How can I get ISO-8859-1-encoded content via ajax in IE6, and have it
handled correctly?
Must I manually encode it on the server and decode it in the browser?
Thanks!
Matt Kruse
Do you have a URL to check?
> - Page is correctly rendered in IE6 in ISO-8859-1
> - Request is made to server via Microsoft.XMLHTTP with:
> xmlhhtp.setRequestHeader("Content-Type","application/x-www-form-
> urlencoded;charset=ISO-8859-1");
The Content-Type request header is meaningful for the request body in
case you make a HTTP POST request (i.e. pass in something as the
argument of the send method of XMLHTTP). It does not have any meaning
for the response body you receive.
> - I even tried setting the charset attribute in the <script> tag
The charset attribute of the script element indicates the encoding of an
external script file referenced in the src attribute. It too does not
have any meaning for the response body you receive with XMLHTTP.

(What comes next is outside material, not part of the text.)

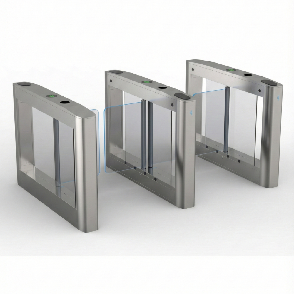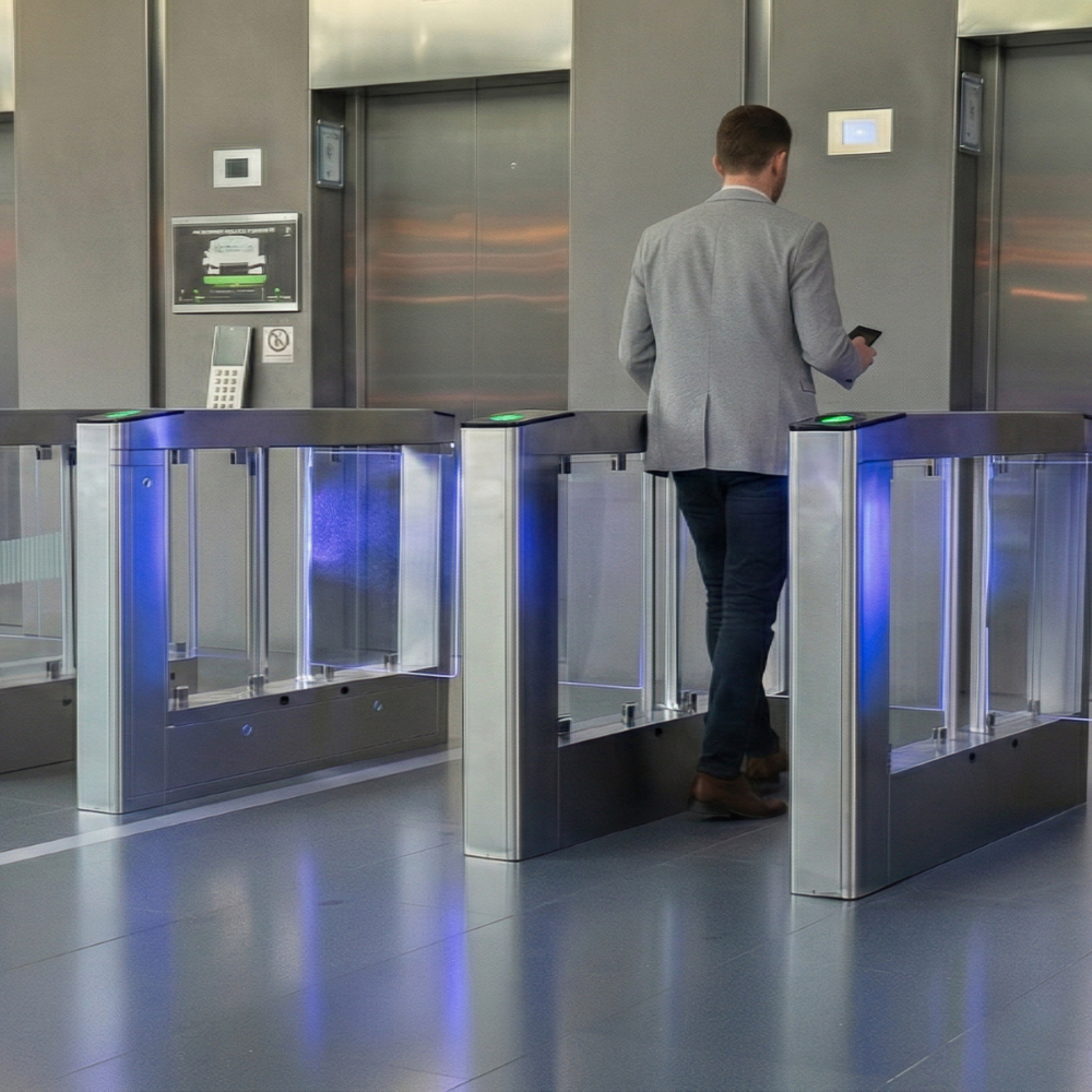Barreras batientes de diseño robusto y minimalista para el control de accesos peatonales, diseñadas para soportar un alto flujo de personas de manera continua. Utilizan tecnología motorizada Brushless, lo que garantiza una apertura ágil, silenciosa y de alta durabilidad, permitiendo el paso de 35 a 50 personas por minuto. Fabricadas principalmente en acero inoxidable con paneles de acrílico o vidrio, estas soluciones integran seguridad avanzada mediante sensores infrarrojos anti-atrapamiento y funciones anti-seguimiento. Son sistemas altamente versátiles, compatibles con múltiples tecnologías de validación como reconocimiento facial, códigos QR, tarjetas ID e IC. Su diseño permite la integración en entornos corporativos y comerciales, ofreciendo configuraciones de acceso universal para cumplir con normativas de inclusión y seguridad contra incendios mediante apertura automática por corte de energía.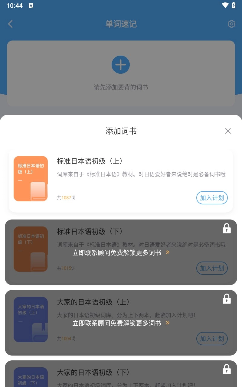 点击添加单词书

> I am simply trying to alert() the responseText or populate a DIV with
> the response, but it will not correctly interpret the content returned
> by the server.
>
> In other browsers, the characters display just fine. Using the
> "DebugBar" IE plugin to view the response from the server, it shows
> correctly. But once it hits javascript, I lose the encoding.
>
> How can I get ISO-8859-1-encoded content via ajax in IE6, and have it
> handled correctly?
I don't have access to an IE 6 at the moment but a script in IE 8 using
new ActiveXObject('Microsoft.XMLHTTP') properly decodes an ISO-8859-1
encoded response body.
--
Martin Honnen
http://msmvps.com/blogs/martin_honnen/
I have overriden the encoding of an AJAX response by using the
XMLHttpRequest element in standard compliant browsers.
I don’t recall the method right now though...
I made one that demonstrates the problem:
http://www.javascripttoolbox.com/temp/charset3.php
PHP Source: http://www.javascripttoolbox.com/temp/charset3.txt
Works in FF, fails in IE6
> I don't have access to an IE 6 at the moment but a script in IE 8 using
> new ActiveXObject('Microsoft.XMLHTTP') properly decodes an ISO-8859-1
> encoded response body.
I haven't been able to test the url above in IE8 yet. Will do so when
I get the chance.
Matt Kruse
It doesn't work in IE8 either, but...
...what exactly are you testing here? Your test $string contains the
characters 0x92 0x94 0x95 0x96 0x97 0x98 0x99 0x9a 0x9b - all of these
are defined in ISO-8859-1 as obscure control characters like "Private
Use 2", "Cancel Character", etc. Firefox, Opera and others probably
replace these code points with characters from a different character
set, most likely Windows-1252.
If you limit yourself to less unusual code points like 0xE4 (ä) in your
test string, the Ajax response will display correctly in both IE6 and IE8.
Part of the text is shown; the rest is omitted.